Addresses for the ISA Firewall Network are defined during the installation of the ISA firewall software, but you can create other networks after the installation is completed. Typically, after installation, only the internal ISA Firewall Network is created for you and you need to manually create another ISA Firewall Network if there are more than 2 NICs on your ISA Firewall.

ISA FIREWALL security warning

You can have multiple interfaces on the same ISA firewall. However, only a single network can have an Internal name (inside). The internal network has a group of computers that have absolute reliability (at least trust enough not to require network firewalls for communication between them). You can also have multiple internal networks, but these additional internal networks can be placed in the internal address range of another internal network. Carefully review the ISA Firewall System Policy after installation is completed to limit communication between the default ISA Firewall and the Internal Network only for communications required for your script.
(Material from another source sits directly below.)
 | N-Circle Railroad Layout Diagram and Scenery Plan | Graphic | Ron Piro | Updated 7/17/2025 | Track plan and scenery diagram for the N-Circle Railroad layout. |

However, the centralized configuration of the Firewall client can be done on the ISA Firewall Network; so you can control the Firewall client settings for each basic network name. This allows you to take a measure of how the Firewall client configuration settings are managed on each network. Although this solution does not help in network scenarios in the network, where there are multiple network IDs located behind the same network interface card.

In the network scenario in the network, you can use the internal LAT locallat.txt file to override the central internal network settings if it is necessary. In general, network scripts in the network do not create significant problems for the Firewall client. The most significant improvement that ISA 2004/6 Firewall client has over previous versions (Winsock Proxy Client 2.0 and ISA Server 2000 Firewall Client) is that you have the option to use an encrypted channel between the Firewall client and ISA firewall.
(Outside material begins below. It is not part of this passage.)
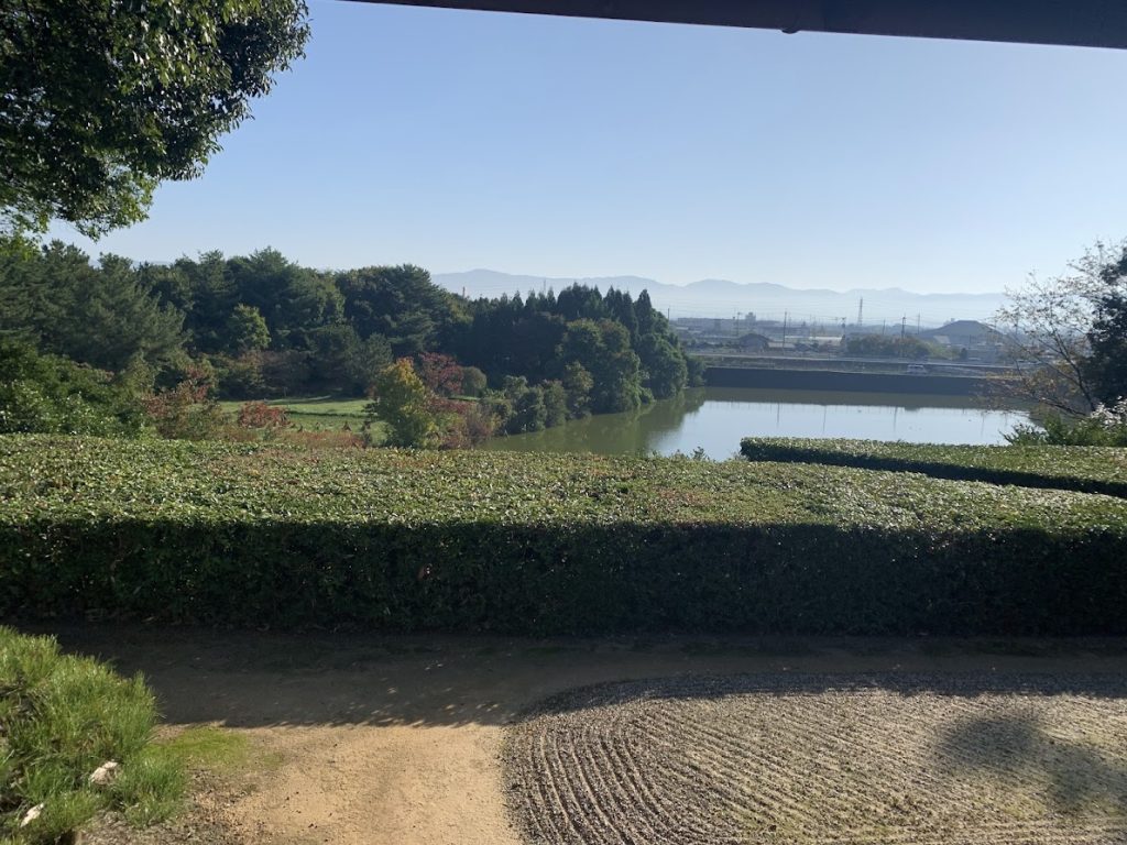 庭園から大和平野を望む。

Remember, the Firewall client sends transparent user credentials to the ISA firewall. The ISA Firewall client encrypts the channel to keep it secret. Note that you can optionally configure the ISA firewall to allow communications that are not secure and secure.

Note :

If Internet Protocol security (IPSec) transfer mode is enabled for a network so that the Firewall client machine uses this mode to connect to the ISA firewall, you may feel abnormal or connection problems. anticipated. If Firewall client in the network does not perform as expected, disable IP routing at the ISA firewall's user interface. In that interface, open the server, expand Configuration , click the General button. In the details window, click Define IP Preferences . On the IP Routing tab, verify that the Enable IP Routing check box is not ticked . Note that disabling IP Routing can significantly reduce SecureNAT clients' performance, requiring access to secondary connections.


Conclude

In this article we have introduced you to the ISA firewall's Firewall client software. The Firewall client performs as a Winsock proxy client application that the remote control network's Winsock application calls to the ISA Firewall. The ISA Firewall firewall service then delegates connections to the destination requested by the client. The Firewall client supports protocols that have multiple primary and secondary connections and do not require specific protocol definitions if an 'open all' access rule is created. Most importantly, the Firewall client can send computer name information and use it to the ISA Firewall and this information is stored in logs and reports so you can get detailed information about what users are doing. Existing with Internet connection, for most applications and protocols, things that cannot be done with a computer are configured as Web proxies or SecureNET clients. In addition, the Firewall client sends the application image name to the ISA Firewall so that you can easily decide whether the prohibited application is being used by the user.